(Records from a dataset)
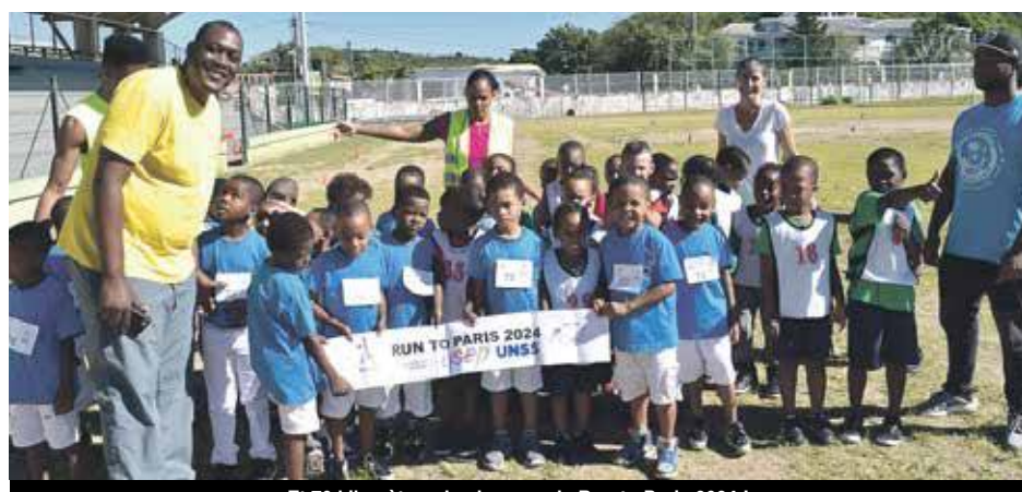
Et 70 kilomètres de plus pour le Run to Paris 2024 !

Nous remercions la collectivité de Saint-Martin et l'USEP Iles du Nord pour l'organisation.
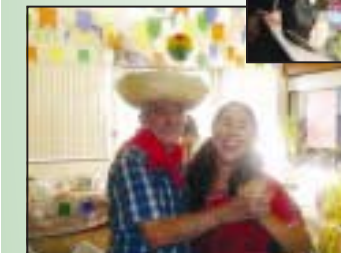
A Festa Junina empolga caipiras de todas as idades
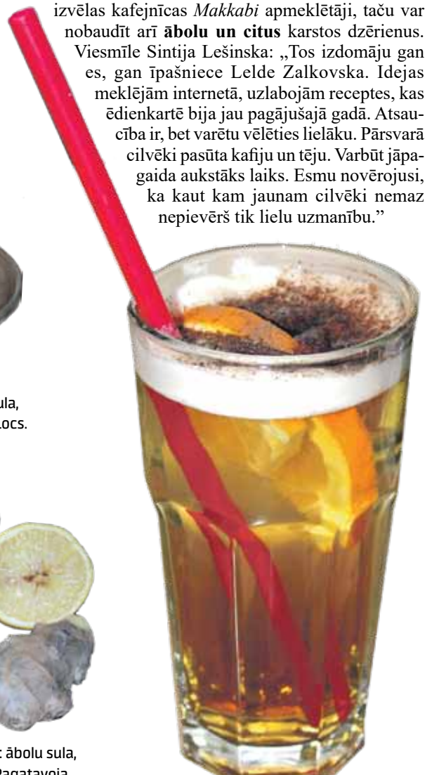
Ābolu dzēriens: ābolu sula, apelsīns, kanēlis. Pagatavoja Sintija Lešinska.
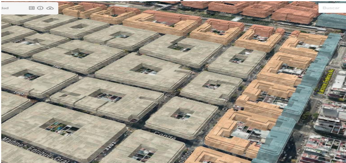
Área según Cur
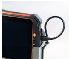
Anschließen der IS930 Serie.
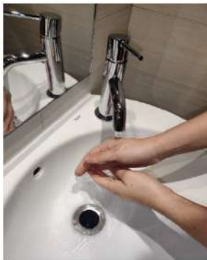
Mójate las manos.
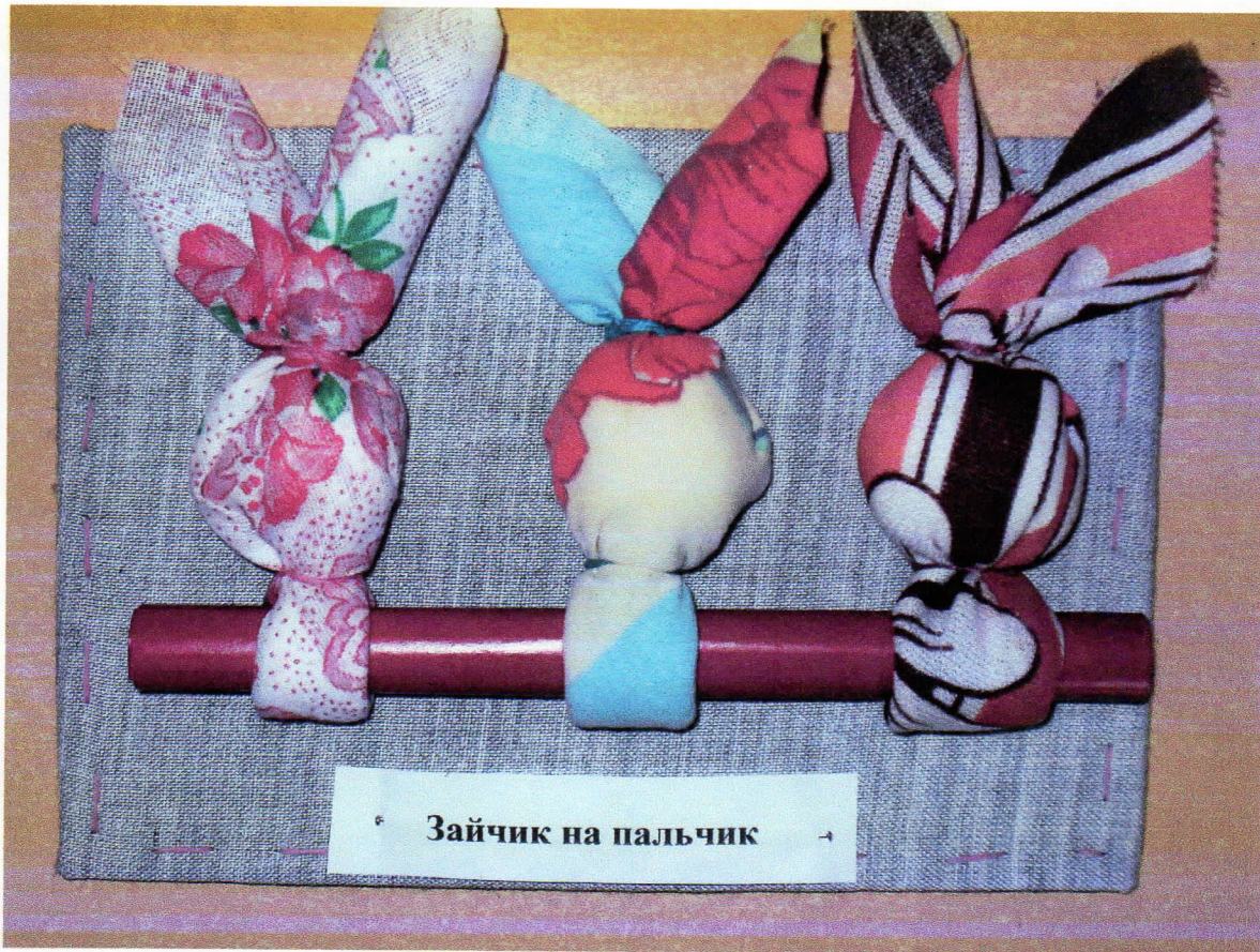
Зайчик на пальчик

Зайчик на пальчик делали или дарили ребенку от трех лет. Именно в этом возрасте родители начинали оставлять ребенка одного, и чтобы ему было не страшно, и было с кем играть, ему делали такого зайку (оберег от одиночества и страха). Зайчик легко одевается на пальчик и при движении ребёнком руками «оживает».
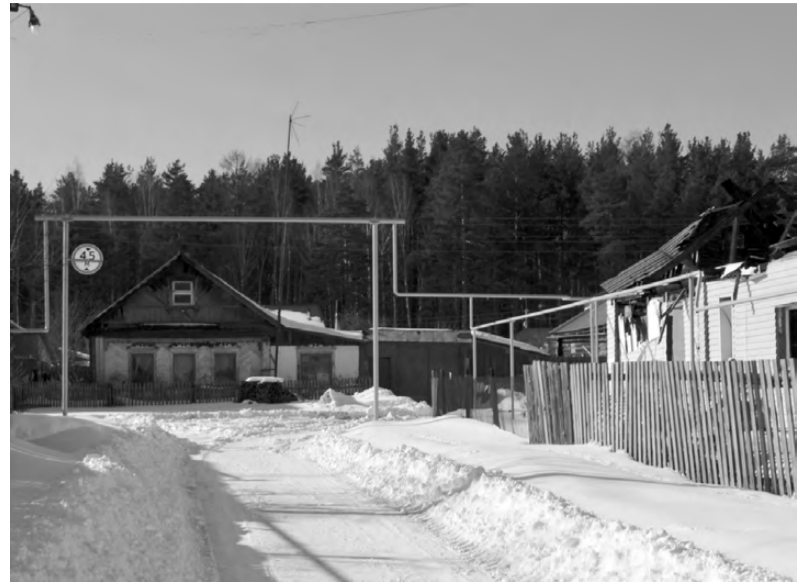
Как рассказали жители частного сектора Быстринского, расчистки улиц им пришлось ждать несколько дней. Потом технику всё-таки прислали, но очищены узкие участки – не разъехаться.
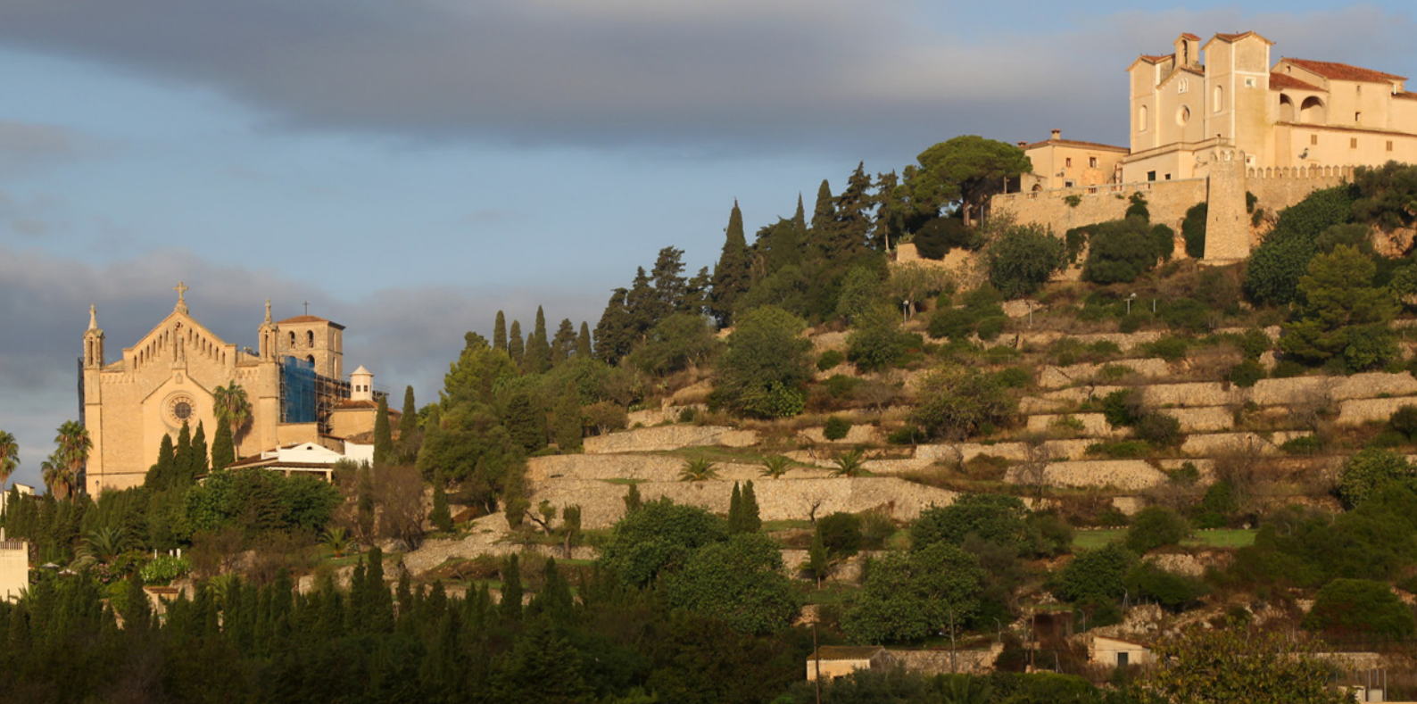
▲ ARTÁ MALLORCA

Ruta de Piedra en Seco. En el extremo más norte, embelésate con las vistas de los miradores y calas del cabo Formentor , a pocos kilómetros del puerto de Pollença. Una de las excursiones más bonitas que puedes programar durante tu estancia en Mallorca es la del monumento natural del Torrent de Pareis , un espectacular acantilado. Se trata de un impresionante cañón de 3 kilómetros que desemboca en la pintoresca playa de Sa Calobra . Descúbrelo después de una caminata o llega en barca desde el puerto de Sóller .
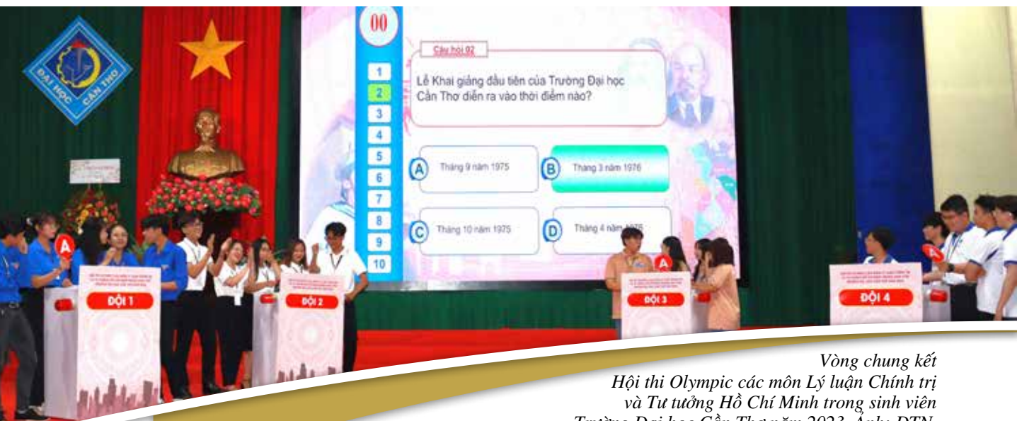
Vòng chung kết Hội thi Olympic các môn Lý luận Chính trị và Tư tưởng Hồ Chí Minh trong sinh viên Trường Đại học Cần Thơ năm 2023.
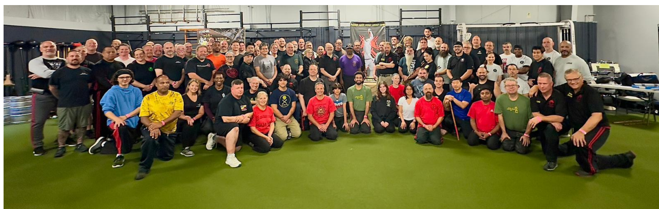
Die Teilnehmerinnen und Teilnehmer des Modern Arnis Legacy Camp
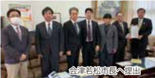
会津若松市長へ提出

最重要事項としての要望は市道町三一一三三八号(物流一号幹線(株)大和一様の南側二〇m幹線道路)の笈川街道までの拡幅延長整備です、これは団地創設以来、毎年要望しているものです。他に、団地内の交通環境等の改善要望を提出して参りました。
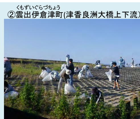
実施日: 9月28日(日) 参加者: 70名
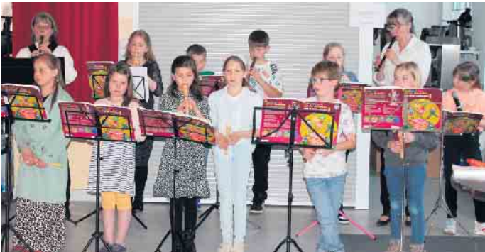
Auch der Nachwuchs des Musikvereins trug zum Gelingen des Konzerts bei.
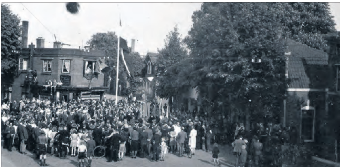
Het feestterrein kijkt uit op de achterzijde van de woningwetwoningen op de Hessenweg. De grote tent loopt er evenwijdig aan. Het is moeilijk te traceren, wanneer dit feest gevierd is.
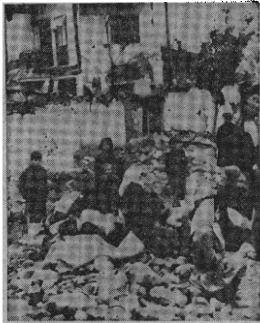
原图说明：在（南斯拉夫）德巴尔十一月三十日发生的地震后，父母和孩子们坐在他们的被毁的房子前的瓦砾中。
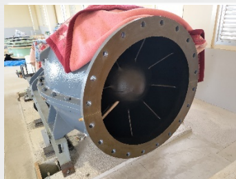
ポンプ吐き出し部

» **WHAT YOU NEED TO DO**
Reproduce exactly the lines above that run from the one with "Vòng chung kết" to the one with "Auch der Nachwuchs", both included, leaving pictures out.

» **RESULT**
Vòng chung kết Hội thi Olympic các môn Lý luận Chính trị và Tư tưởng Hồ Chí Minh trong sinh viên Trường Đại học Cần Thơ năm 2023.
Die Teilnehmerinnen und Teilnehmer des Modern Arnis Legacy Camp
会津若松市長へ提出

最重要事項としての要望は市道町三一一三三八号(物流一号幹線(株)大和一様の南側二〇m幹線道路)の笈川街道までの拡幅延長整備です、これは団地創設以来、毎年要望しているものです。他に、団地内の交通環境等の改善要望を提出して参りました。
実施日: 9月28日(日) 参加者: 70名
Auch der Nachwuchs des Musikvereins trug zum Gelingen des Konzerts bei.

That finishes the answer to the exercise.